Records for the task

+ + +

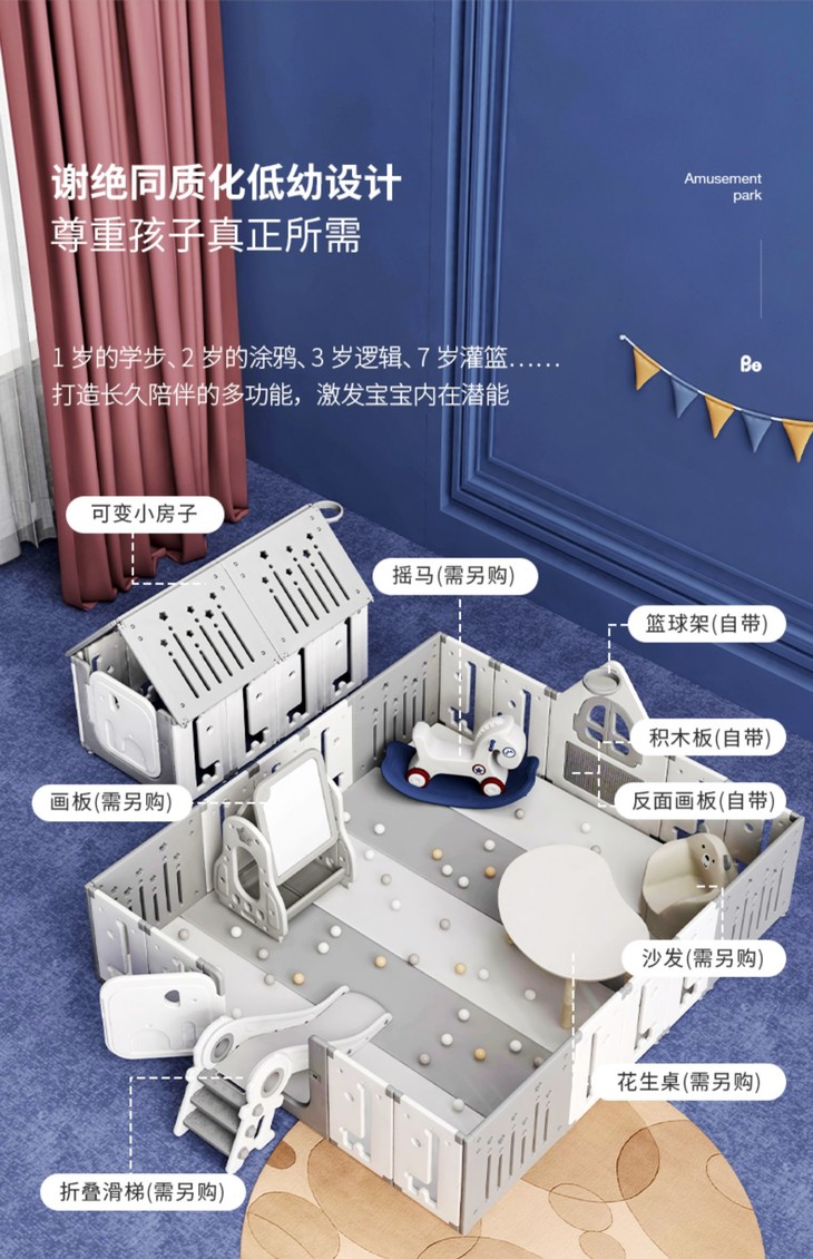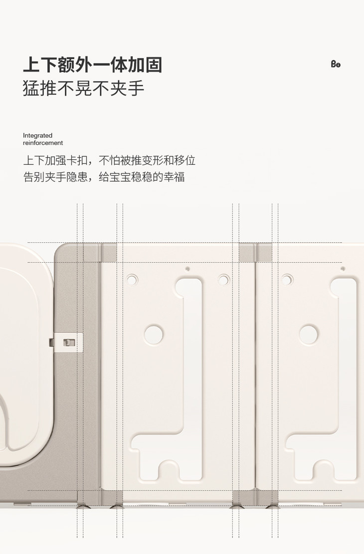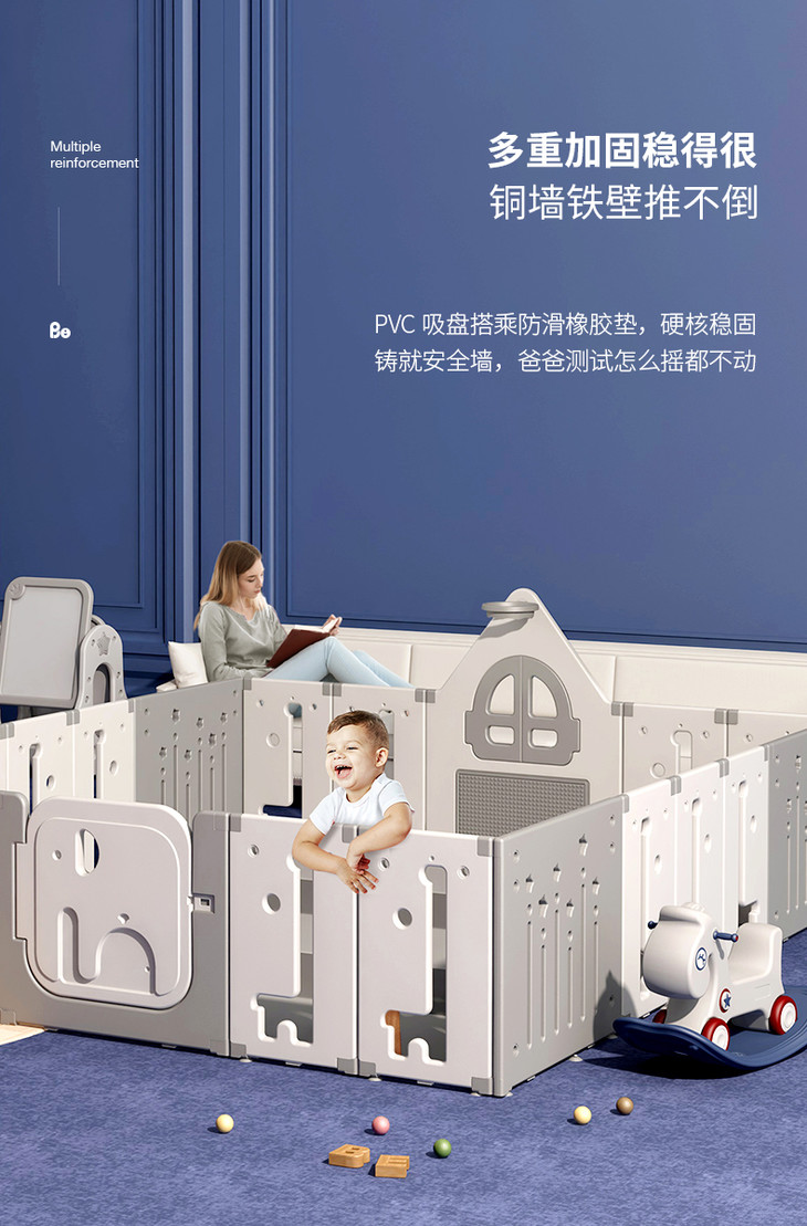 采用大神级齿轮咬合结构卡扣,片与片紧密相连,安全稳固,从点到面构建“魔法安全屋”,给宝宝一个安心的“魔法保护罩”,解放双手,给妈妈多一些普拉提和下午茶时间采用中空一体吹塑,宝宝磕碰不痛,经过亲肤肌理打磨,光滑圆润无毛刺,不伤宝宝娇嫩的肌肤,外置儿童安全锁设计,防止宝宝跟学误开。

+ + +

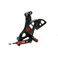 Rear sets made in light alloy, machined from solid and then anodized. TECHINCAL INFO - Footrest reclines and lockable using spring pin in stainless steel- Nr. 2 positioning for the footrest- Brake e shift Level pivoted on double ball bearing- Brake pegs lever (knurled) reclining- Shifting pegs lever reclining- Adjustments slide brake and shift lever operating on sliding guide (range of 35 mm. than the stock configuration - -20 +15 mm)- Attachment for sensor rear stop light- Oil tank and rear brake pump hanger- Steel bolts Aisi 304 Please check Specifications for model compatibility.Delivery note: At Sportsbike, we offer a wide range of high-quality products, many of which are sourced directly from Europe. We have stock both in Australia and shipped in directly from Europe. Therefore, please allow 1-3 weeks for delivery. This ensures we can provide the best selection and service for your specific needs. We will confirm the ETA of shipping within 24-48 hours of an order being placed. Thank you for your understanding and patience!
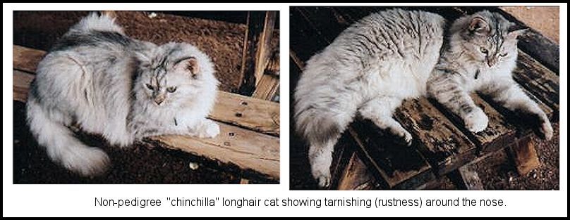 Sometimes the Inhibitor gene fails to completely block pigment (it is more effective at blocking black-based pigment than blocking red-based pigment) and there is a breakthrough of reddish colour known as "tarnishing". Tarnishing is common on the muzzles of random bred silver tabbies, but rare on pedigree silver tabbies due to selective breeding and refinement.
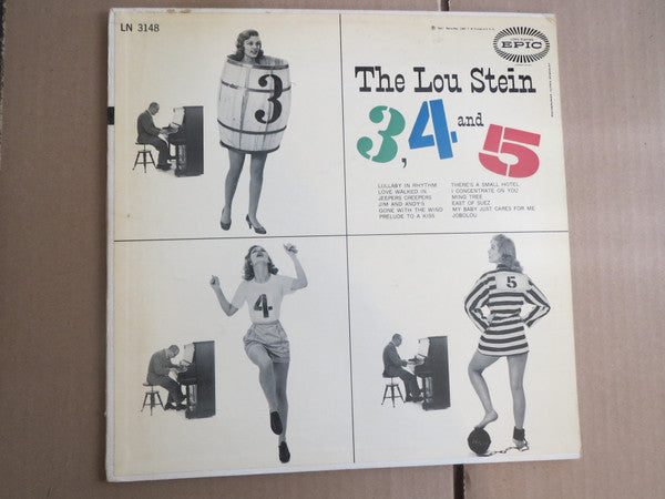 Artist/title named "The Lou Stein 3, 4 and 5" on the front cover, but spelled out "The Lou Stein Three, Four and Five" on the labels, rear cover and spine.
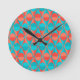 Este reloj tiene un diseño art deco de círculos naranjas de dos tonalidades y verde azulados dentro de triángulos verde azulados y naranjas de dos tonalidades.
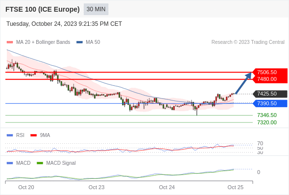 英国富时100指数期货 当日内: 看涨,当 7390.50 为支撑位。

+ + +

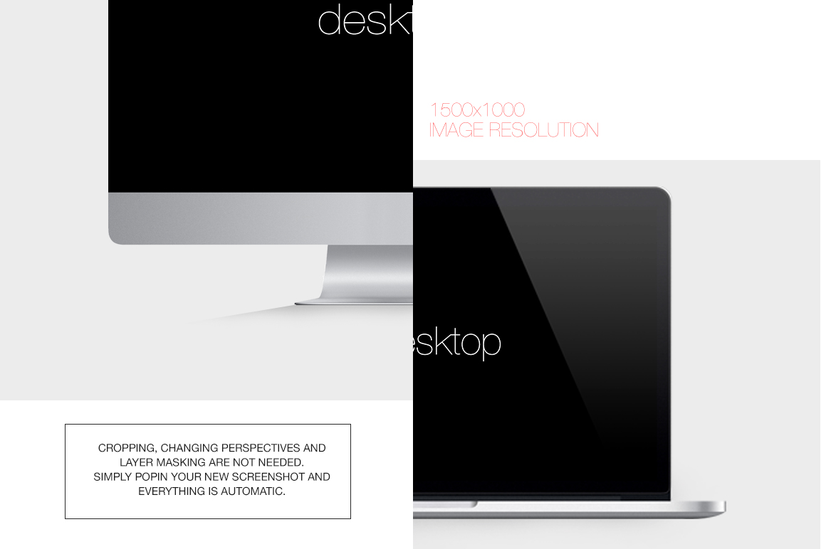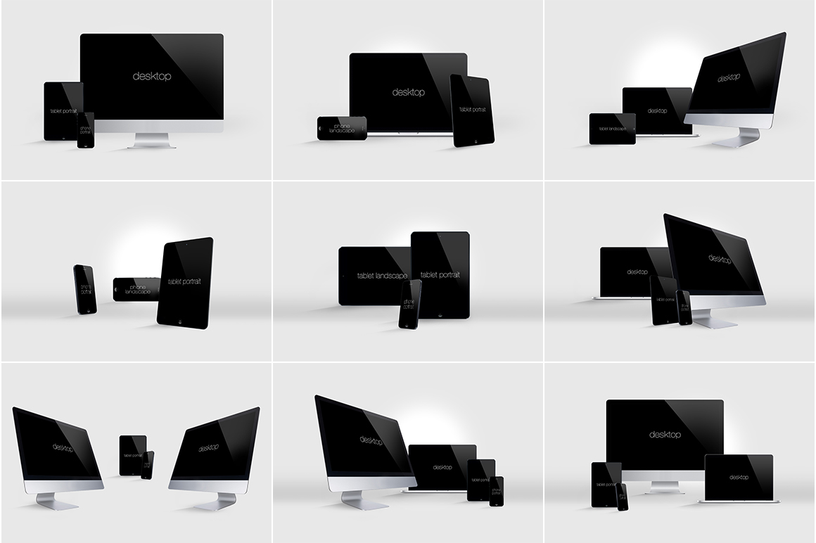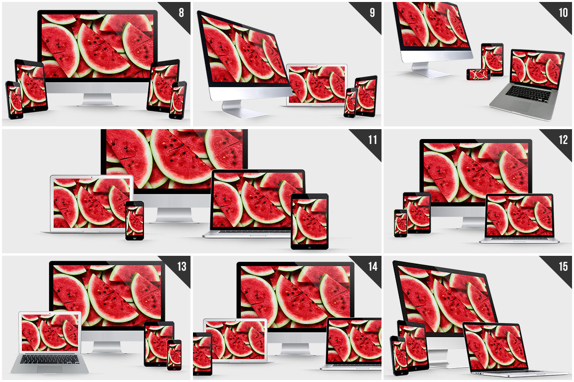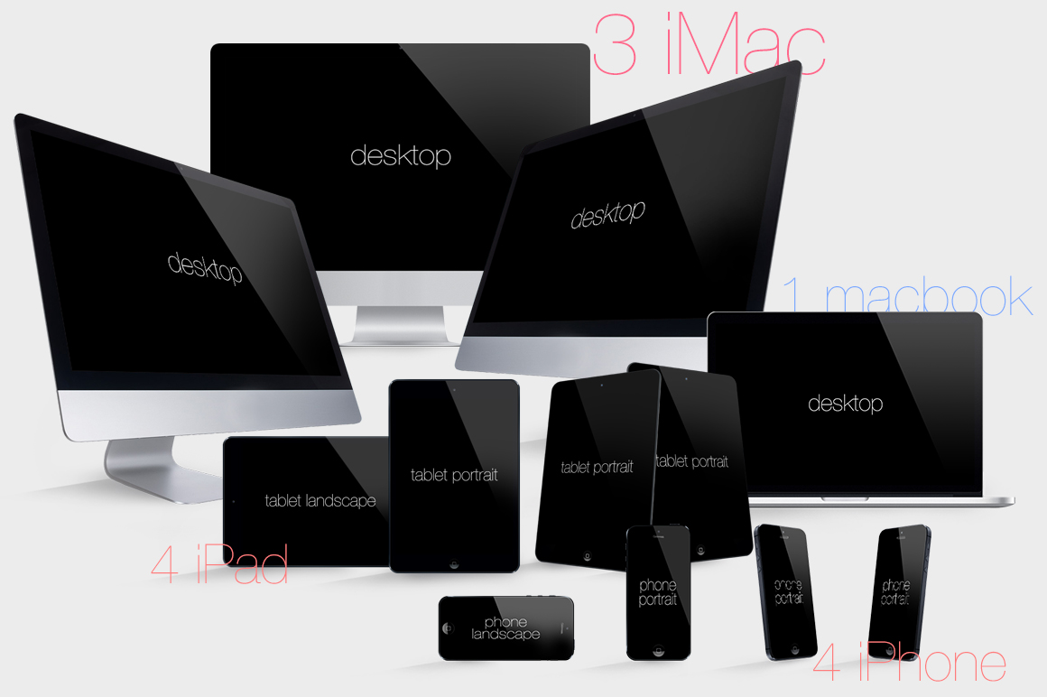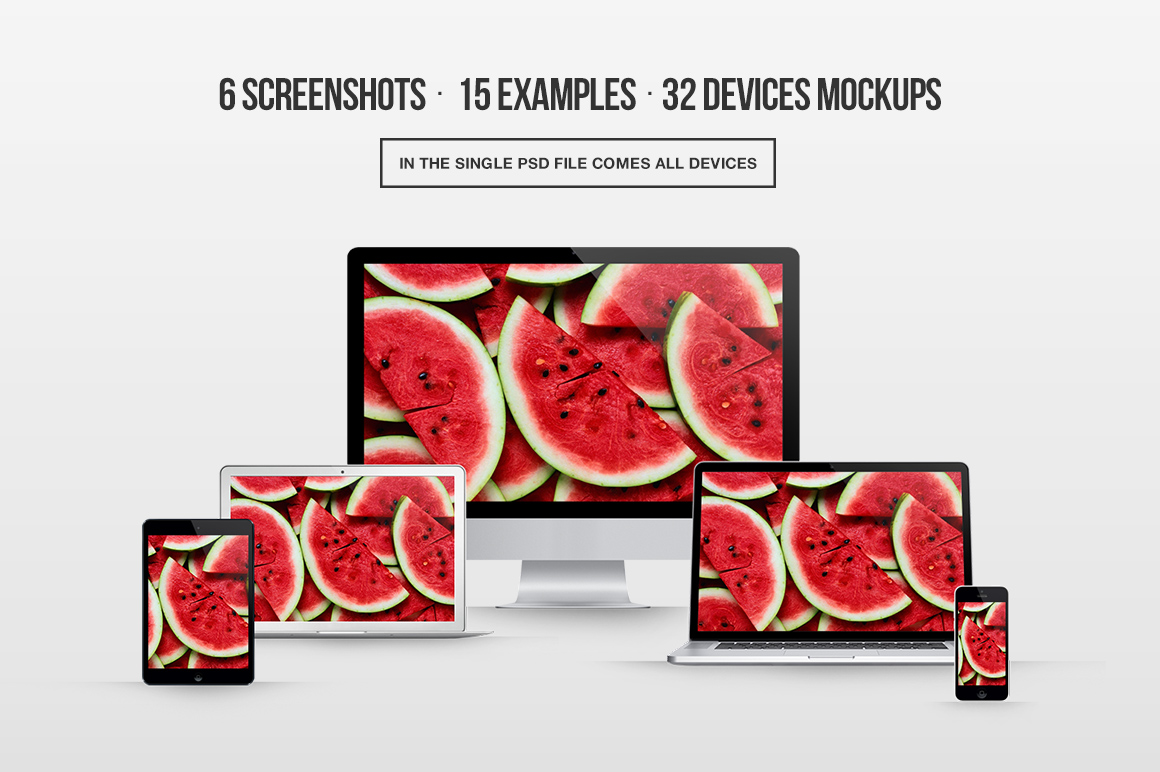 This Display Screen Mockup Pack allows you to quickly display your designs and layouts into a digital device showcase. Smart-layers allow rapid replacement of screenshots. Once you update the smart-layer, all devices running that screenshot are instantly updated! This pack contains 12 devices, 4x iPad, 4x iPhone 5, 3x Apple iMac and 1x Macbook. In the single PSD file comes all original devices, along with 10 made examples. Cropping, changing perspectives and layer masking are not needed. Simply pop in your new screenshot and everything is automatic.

+ + +

Problem to solve
In the listing above, find the line containing "Sometimes the Inhibitor". Output it and every line after it up to and including the line containing "英国富时100指数期货 当日内: 看涨,当 7390.50 为支撑位。", exactly, but skip the pictures.

Finished task
 Sometimes the Inhibitor gene fails to completely block pigment (it is more effective at blocking black-based pigment than blocking red-based pigment) and there is a breakthrough of reddish colour known as "tarnishing". Tarnishing is common on the muzzles of random bred silver tabbies, but rare on pedigree silver tabbies due to selective breeding and refinement.
 Artist/title named "The Lou Stein 3, 4 and 5" on the front cover, but spelled out "The Lou Stein Three, Four and Five" on the labels, rear cover and spine.
 Este reloj tiene un diseño art deco de círculos naranjas de dos tonalidades y verde azulados dentro de triángulos verde azulados y naranjas de dos tonalidades.
 英国富时100指数期货 当日内: 看涨,当 7390.50 为支撑位。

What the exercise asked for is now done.